I'm sure someone here will yell, "but those unattached wires! Pickups of noise! bad Goat, bad!" ... actually its nowhere near as bad as many make out. There are a LOT of wires - leads to resistors, capacitors, between tubes, etc - inside every amplifier. Careful layout and using shielded wire both for grids and anode-side wiring saves the day.

I built something along this line, where every cathode-resistor was small-value pot and a series resistor (for safety, in case the wiper "wiped out" the pot's resistance); I also put a "driver pot" between the first and phase-splitting stages, so as to be able to raise front-end gain, but drop overall gain ... not to overdrive the outputs. [This is common now in "guitar amps"]. let's see ... I put switches in series with cathode capacitors (fast swap-in/out that way) ... and as I said, another exactly identical stage in front of your first stage.

Why exactly identical? ... think about it: if one stage, through the usual tubish nonlinearities, has a tendency to perk up the negative-signal excursions, but quash the positive-signal wiggles, then having another section that takes the inverted input and does the same thing in reverse ... gives better nonlinear symmetry overall. [And, if done carefully, eliminates the need for a phase splitter!]

Anyway, there are my "35 years of ideas"... well ... maybe 10% of 'em!


deriving B- bias from centertap dual-use winding

Even with a cap in series with the diode I could not get it to work. The problem is not where it is tapped off, the problem is the ground return.

I accept that. Voltage-multipliers are the height of "non-obvious how they work" devices. I could dig something up that DID work for me ... but unfortunately The Man now requires that I ... Get Back To Work.

Work work work.

I googled around for EF86-triode specs. Found the Klausmobile test for 6J32P wired as triode (Russian equivalent to EF86).
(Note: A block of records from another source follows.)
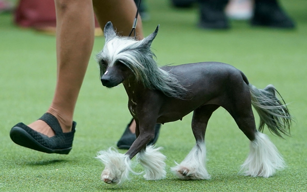 A Chinese Crested in the judging area during the Annual Westminster Kennel Club dog Show judging of Hound, Toy, Non-Sporting and Herding breeds and Junior Showmanship at the Arthur Ashe Stadium in New York City on May 8, 2023. (Photo by TIMOTHY A. CLARY / AFP)
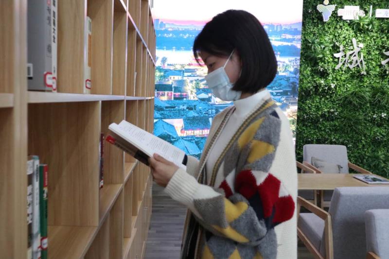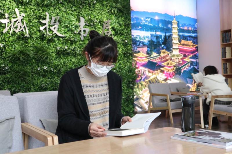 疫情期間,進入書屋看書的員工們都得佩戴好口罩,保持合適的距離進行閱讀。
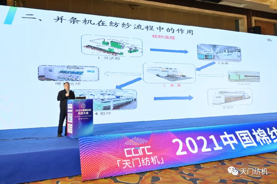 湖北天門紡織機(jī)械股份有限公司總經(jīng)理焦倫進(jìn)作了《并條機(jī)的創(chuàng)新與未來》的專題報告。在報告中,焦倫進(jìn)總經(jīng)理介紹了并條機(jī)在紡紗流程中的作用,并就目前紡織企業(yè)對并條機(jī)創(chuàng)新的要求,從傳動結(jié)構(gòu)及精度、加壓系統(tǒng)、牽伸裝置、清潔系統(tǒng)、部件及提供設(shè)備的數(shù)字化、信息化、智能化水平等方面進(jìn)行介紹。最后,焦倫進(jìn)總經(jīng)理指出未來并條機(jī)將向著梳并聯(lián)合、并粗聯(lián)、短流程一體機(jī)在技術(shù)上的突破方向發(fā)展。

Tube Tester Files - 6J33P (EF86)

It says the amplification factor is about 25 to 32. Let's say it's 25.

If you have a 1.5V rms input signal at the input, that's about a 2.1V peak input.

If the amp factor is 25, then the max output from the first (voltage amp) stage is about 50V peak.

That will be going through the cathodyne phase-splitter stage, which will have a gain of about 0.9, so that 50V gets chopped down to about 45V peak to the KT120-triode output stage.

Is that enough to drive KT120's to full power at the operating points you're running them? Or are you using a preamp with gain in front of this amp?



2011-01-28 2:52 am
triode connected KT 120's

Melb ;I will be interested how your testing goes with this amp.
Never seen triode connected 6550's/KT120's driven by only a triode voltage amp and Phase splitter. You need a push pull driver as well.
Will have very slow dull sound.
Take a look at this well designed KT88/6550 amp and it has an ultra linear output stage much easier to drive than triodes. Does your Out put transformer have ultra linear winding's? You may get better results using Ultra linear Or pentode. Dynaco used such a simple driver for Ultra linear KT88's as they are very easy to drive.